This the multi-page printable view of this section. Click here to print.

Return to the regular view of this page.

PanHunter Preprocessing

This section guides you through all tools and reference data used by PanHunter for preprocessing.

1 - Reference genomes

For the following species reference genomes are available in PanHunter: TO-DO give list

For model species such as mouse and human we maintain several reference genomes. If you would like to know which ensemble version is the latest in the respective release please see our changelog. The reference genome consists of a fasta file that represents the actual DNA strands and an annotation file (gtf file) that contains the positional information of every gene in the genome/fasta file.

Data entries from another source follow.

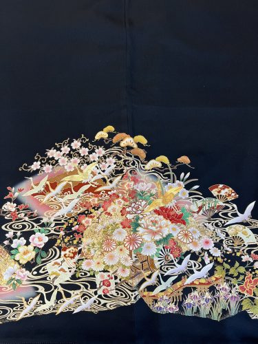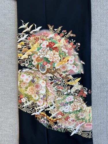 圧倒的な華やかさの中に、可憐な色合いが絶妙な黒留袖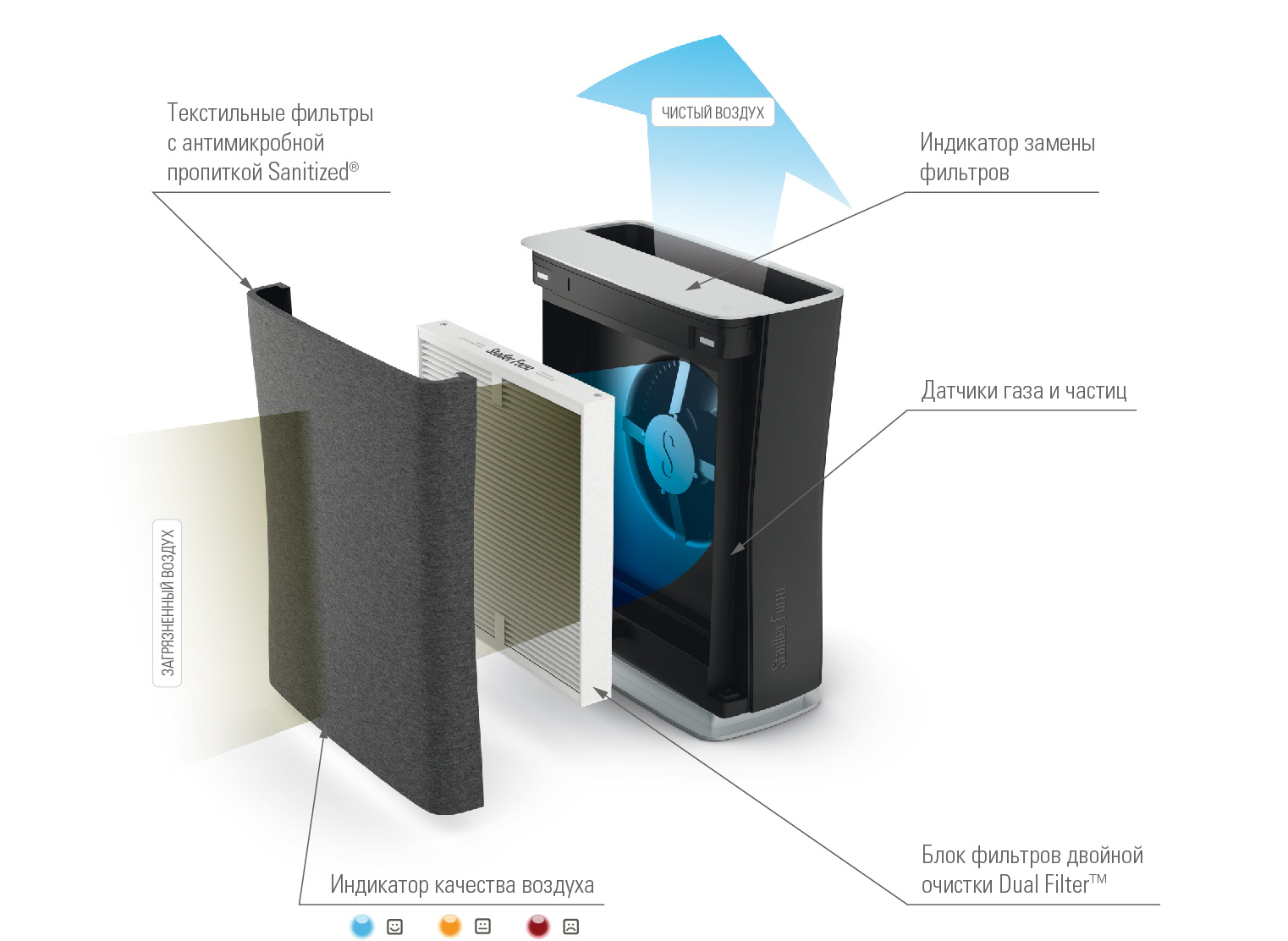 Технология Dual Filter™ представляет собой комбинацию HEPA-фильтра и угольного фильтра. HEPA-фильтр удаляет из воздуха такие загрязняющие вещества, как мелкая пыль, пыльца, вирусы и бактерии. Угольный фильтр – мастер по устранению неприятных запахов. Он адсорбирует находящиеся в воздухе газы (неприятные запахи, табачный дым, формальдегид, толуол, летучие органические соединения и т. д.).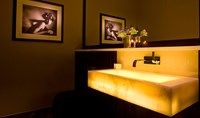 This unusual contemporary triplex has a stunning central staircase incorporating a custom-designed chandelier, along with a lower ground floor spa and garden. The lighting throughout is integrated into joinery and architecture to highlight the luxurious finishes and add drama and atmosphere to this high specification apartment.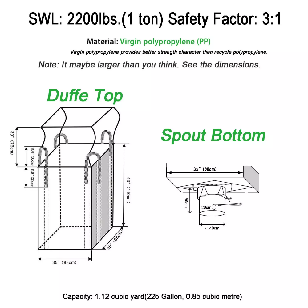 FIBC bulk bag, short for Flexible Intermediate Bulk Containers, are made of Polypropylene woven fabric with lifting loops that allow the bulk container to be filled from top and discharged from the bottom. They are easy to handle with efficiency and also less cost.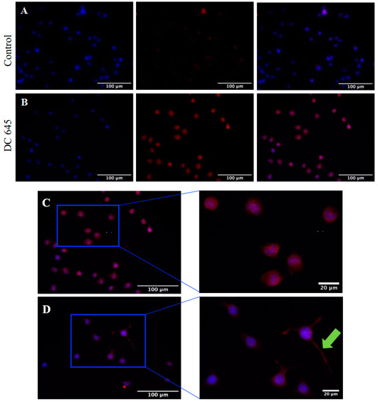 Effects of Ellorarxine (DC645) on GluA2 immunofluorescent staining of undifferentiated and differentiated mutant SOD1 NSC-34 cells. Staining of both untreated (A,C), control, cells, and those treated with Ellorarxine (10 nM) (B,D) for DAPI (left, blue) and GluA2 (centre, red) as well as merged channel images (right). Immunofluorescence revealed GluA2 expression was more prevalent in differentiated cells treated with Ellorarxine than not, with clear expression neurite outgrowths (green arrow). Imaging was carried out at one magnification, ×20, on the Zeiss Apotome microscope. Cells without any primary antibody were used as a negative control. Scale bars = 100 µm.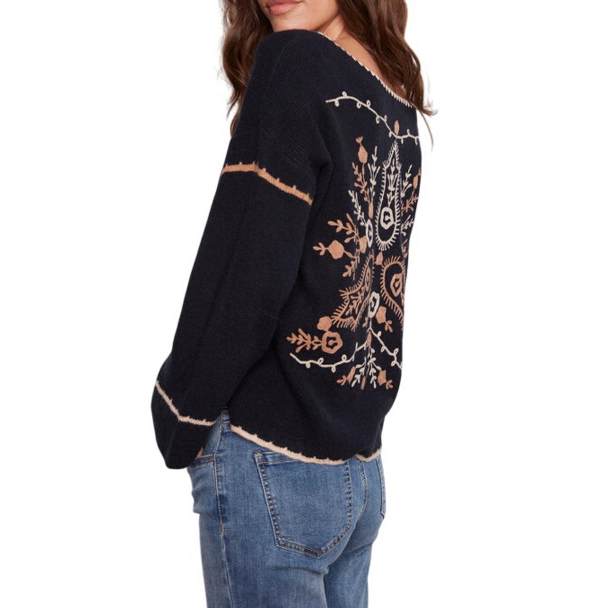 Women's Charlie B Embroidered Ribbed Notch Neck Pullover Sweater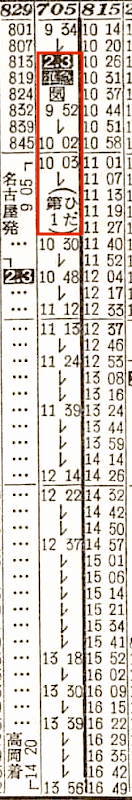 名古屋9時05分発の準急第1ひだは高岡行きです。そして名古屋12時35分発の準急第2ひだは高山行きです。ともに東海道線内は尾張一宮に停車し、岐阜に到着します。

For the human reference genome the soft masked (sm) primary assembly is used and this is then extended at Evotec with custom spike-in sequences. Soft-masked means that the nucleotides for repeat stretches are converted to lower-case. Repeats can also be masked (rm), then repeat associated nucleotides are converted to N's. The primary assembly tracks a single unbranched path through the genome. In other words there is only a single base per position and the so called haplotype (alternative base calls) are not included. Toplevel fasta files also include alternative base calls/ haplotype information.

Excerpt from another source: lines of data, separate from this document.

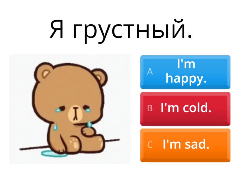 1) Я грустный. a) I'm happy. b) I'm cold. c) I'm sad. 2) Он голодный. a) He's cold b) She's hungry. c) He's hungry. 3) Ей жарко. a) She's hot. b) He's hot. c) She's thirsty. 4) Мы хотим пить. a) We're cold. b) I'm thirsty. c) We're thirsty. 5) Я счастливый. a) I'm hungry. b) I'm happy. c) He's happy. 6) Нам холодно. a) We're cold. b) We're hot. c) He's cold. 7) Она устала. a) She's thirsty. b) She's tired. c) He's tired. 8) Он напуган. a) He's happy. b) He's hungry. c) He's scared.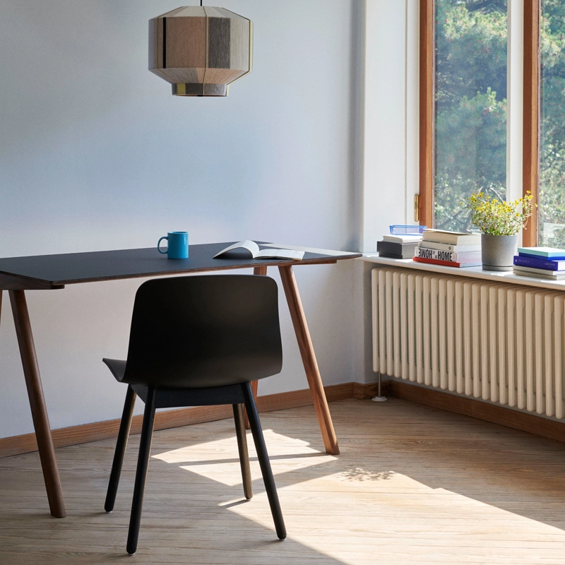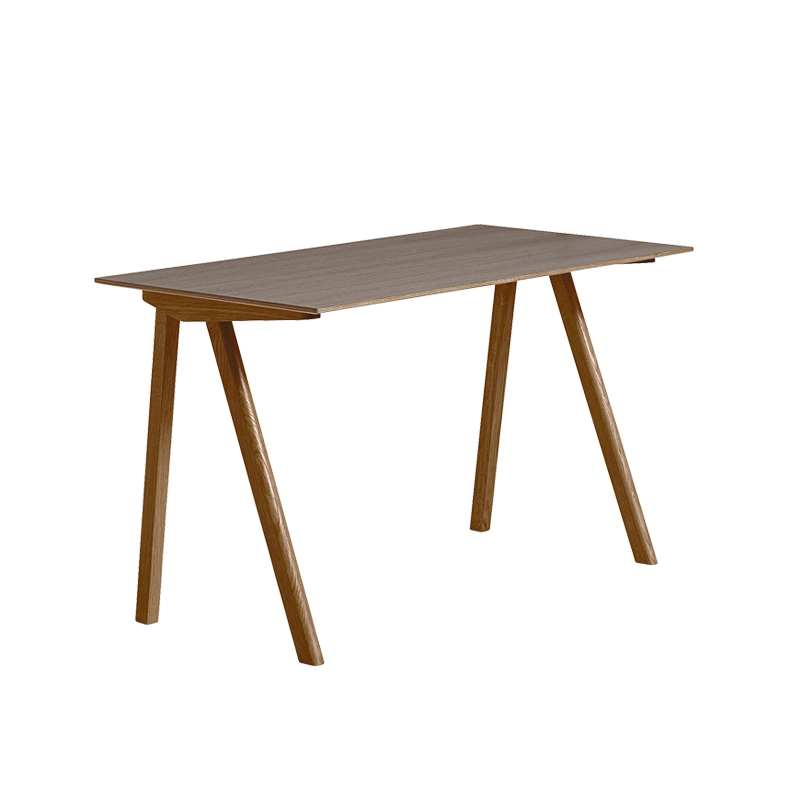 Pour la collection Copenhague, la maison d'édition Hay a invité les designers français Ronan et Erwan Bouroullec à dessiner une gamme de mobilier pour l'Université de Copenhague. Les designers se sont inspirés d'une chaise d'université dessinée par l'architecte Bernt Pedersen, à l'identité simple. La série Copenhague cherche à maintenir la simplicité évidente qui marque cette chaise reprenant le piètement tréteau, tout en créant une gamme de mobilier scolaire qui s'inscrit dans notre époque et s'adapte aux besoins fonctionnels d'une université. La collection s'éloigne un peu de l'esprit institutionnel de la chaise de départ par son originalité et ses formes. Le petit bureau Copenhague Desk 90 est composé d'un plateau en chêne recouvert de lino, fixé sur un piètement tréteau en chêne massif. Ce bureau domestique est idéal pour les petits espaces ou pour la chambre.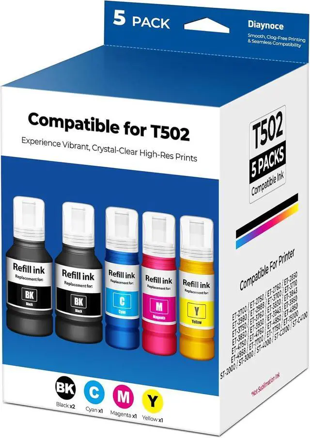 Complete Multipack Includes 2 x black T502 ink , 1 x cyan ink, 1 x magenta T502 ink, 1 x yellow T502 ink, high-yield ink bottles for long-lasting printing. No chips or cartridges neededrefill directly. Not sublimation ink)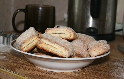 Тесто замесить такой плотности, чтобы его можно было раскатывать скалкой. Раскатать скалкой до толщины полсантиметра или меньше, смазать пласт теста сахаром, свернуть пополам. Еще чуть-чуть прикатать скалкой, смазать сахаром и снова свернуть пополам. Такой 4-слойный пласт порезать на квадратики 4 на 4 см (а высотой они около 1,5 см). Обмакнуть еще в сахар и выложить на лист сахарной стороной кверху. Выпекать в жаркой духовке на средней полочке до красивого цвета и запаха. Если теста вышло через чур много, оно замечательно хранится в морозилке почти сколько угодно. И в холодильнике до 3 суток точно.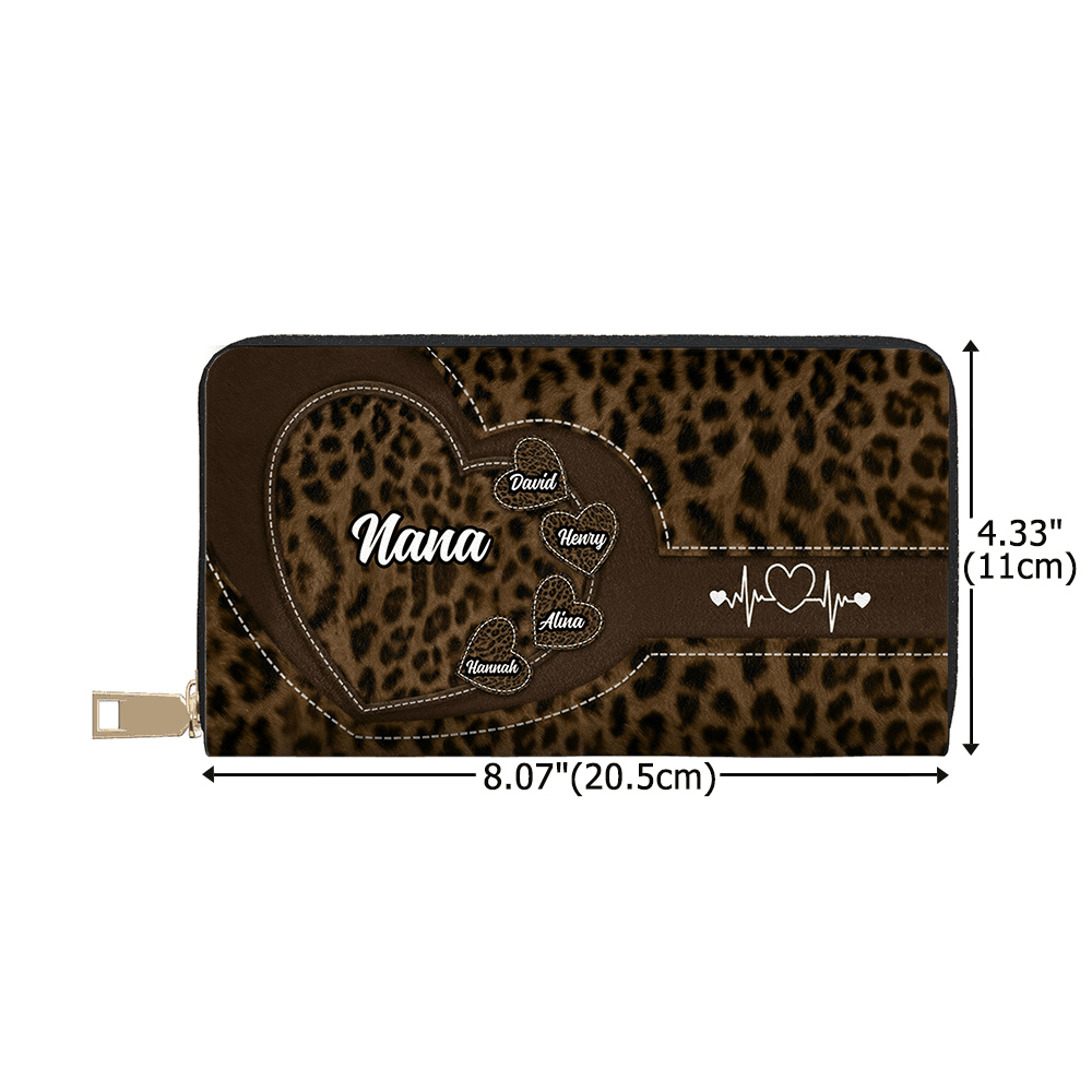Crafted from high-quality PU leather that presents a delicate and realistic leopard grain, soft to the touch yet structured in form. The name area is created using UV printing technology, ensuring lasting clarity and fade resistance while standing up to wear and scratches. The metal zipper is treated for rust prevention, and the lining is tightly stitched for durability—ensuring this wallet withstands daily use and stays by Grandma's side for years to come.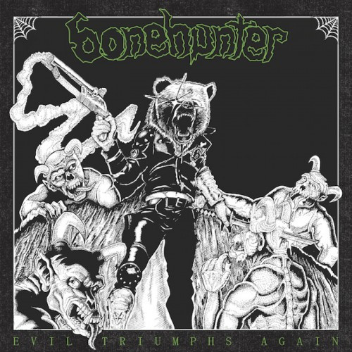Our next song comes from a band from Oulu, Finland, named Bonehunter. Their debut album Evil Triumphs Again will be released by Hells Headbangers on August 12, which is so far away that I can’t think that far ahead. But I’ve circled the date on my calendar because the Bonehunter song that HH premiered in recent days kicks all kinds of ass.

One of the spike-ins, that the soft-masked primary assembly is extended with at Evotec, is PhiX174. PhiX174 is often used in illumina sequencing runs to increase the library quality or balance the GC content (See Phix Illumina version3 - product by illumina). Please note that the reads for PhiX should not be assigned to the fastQ files because there is no index read attached to the PhiX transcripts. Sometimes these reads do get erroneously assigned to a fastQ file due to index read bleeding (the index of a closeby cluster on the flowcell is interpreted as the index of PhiX). Barcode hopping could the other reason for an erronous assignment, this happens when indices break of and reattach within the multiplexed libraries.

The fasta file and gtf annotation contain spike in information for PhiX and for EGFP as well as for 92 ERCC (External RNA Controls Consortium) spike ins that are used to control for variation in RNA sequencing experiments.